Project Planning: What’s Fact vs Fiction?

Adriana Girdler

Why You Need More Than a Pretty Plan to Succeed If you’ve worked on a project (or ten), you’ve probably heard things like: “Plans are a waste of time,” or

Why You Need More Than a Pretty Plan to Succeed

If you’ve worked on a project (or ten), you’ve probably heard things like: “Plans are a waste of time,” or “We’ll just figure it out.” Those myths might sound harmless – but they can tank your project before it even starts. Whether you’re a new or seasoned project manager, it’s time to separate fact from fiction. In this post, we’re debunking the most common project planning myths and giving you a smarter, more realistic way to plan for success.

Key Takeaways

  • Planning doesn’t have to be long and tedious – it just has to be clear and collaborative.
  • A flexible plan is better than a perfect one because change is inevitable.
  • A project plan is a living document, not a one-time task.
  • Involving your team and stakeholders early prevents rework and misalignment later.
  • You can plan for uncertainty – it just takes the right tools and mindset.
  • Project planning is not a solo sport – real alignment requires input from everyone.

According to the Project Management Institute’s Pulse of the Profession 2025 report, only 18% of project professionals demonstrate high business acumen. Yet, those individuals are significantly more likely to meet business goals, stay on schedule, and deliver within budget. Strategic, flexible planning isn’t just nice to have – it’s critical to success.

Why Is “Just Get Started” a Dangerous Project Myth?

When time is tight, skipping planning might feel like the fast-track – but it’s actually a setup for confusion, duplicated work, and delays. Planning isn’t a luxury; it’s a tool that gives your team clarity, alignment, and direction from day one. You don’t need to lock down every detail. You just need to align on:

  • Project priorities and scope
  • Timeline and deliverables
  • Risks and assumptions

Start with a simple but focused project planning session – or better yet, a Project Charter. It’ll save you weeks of rework.
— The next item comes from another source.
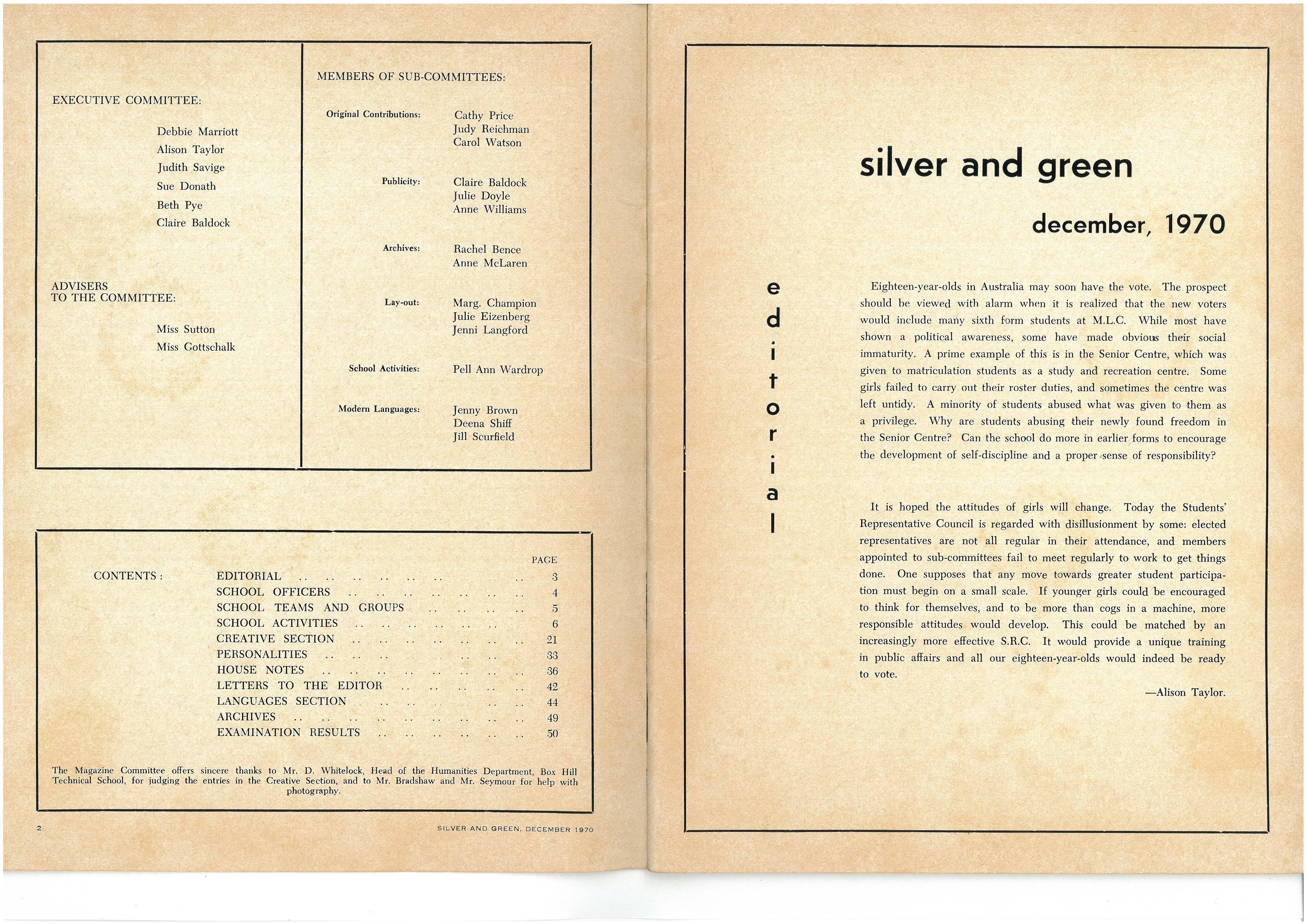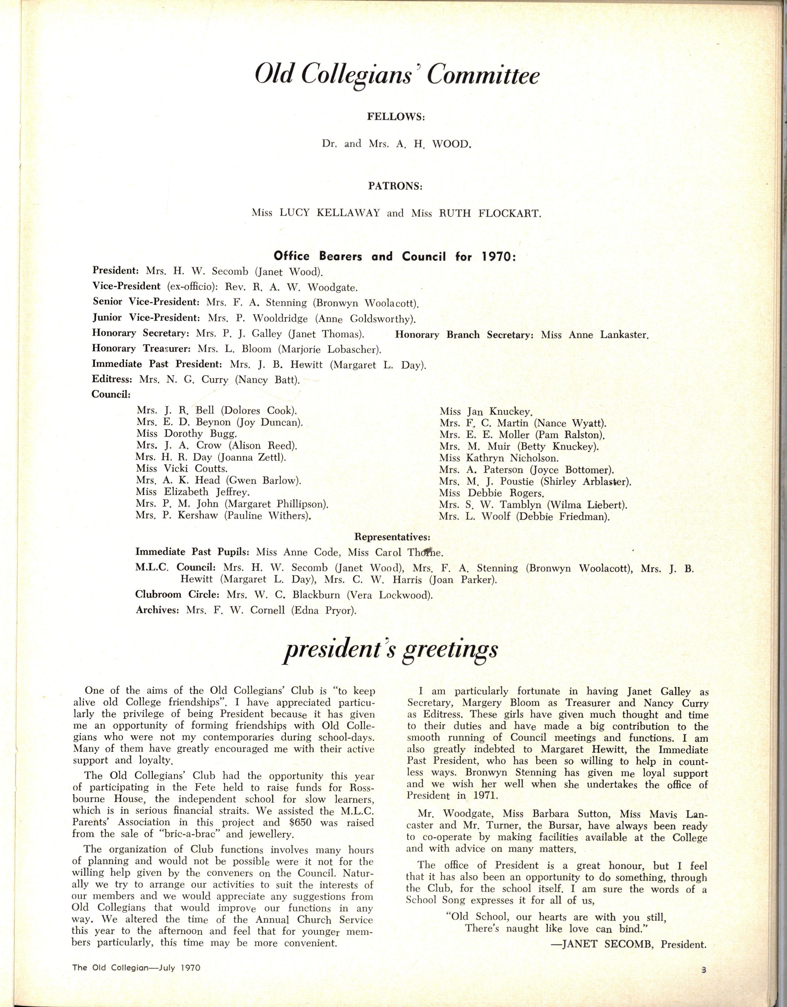 S.C.M. Executive: Adviser, The Rev W Trigg; Joint Secretaries, Rachel Bence and Libby Blundell Committee—Heather Boyd, Bronwyn Ambrose, Jenny Dei-went, Kate Clements, Jocelyn Trigg Junior—President, Marion Earl; Secretary, Dianne Ellis; Treasurer, Merrin Greeiftiffl

Related: How to Write a Project Charter


Do More Details in Project Planning Equal More Success?

It’s a tempting belief: if you map out every task, deadline, and dependency in microscopic detail, your project will be airtight. After all, the more you plan, the fewer surprises, right?

But real-world projects don’t work that way.

Scope evolves, stakeholder priorities shift, and unexpected roadblocks appear. A hyper-detailed plan that doesn’t adapt becomes a liability, not an asset. I’ve seen beautiful Gantt charts and color-coded schedules unravel within weeks because they were built on rigid assumptions rather than flexible strategy.

Overplanning too early locks you into decisions before you’ve gathered enough information. And when things inevitably change, teams either scramble to update everything, or worse, stick with the original plan out of sunk-cost bias.

So, what works better?

Start with a high-level Work Breakdown Structure (WBS) to identify key phases and deliverables. Then, layer in detail gradually, using collaborative planning sessions with your team to define realistic durations, dependencies, and risks. This gives you the clarity you need without boxing you into false precision.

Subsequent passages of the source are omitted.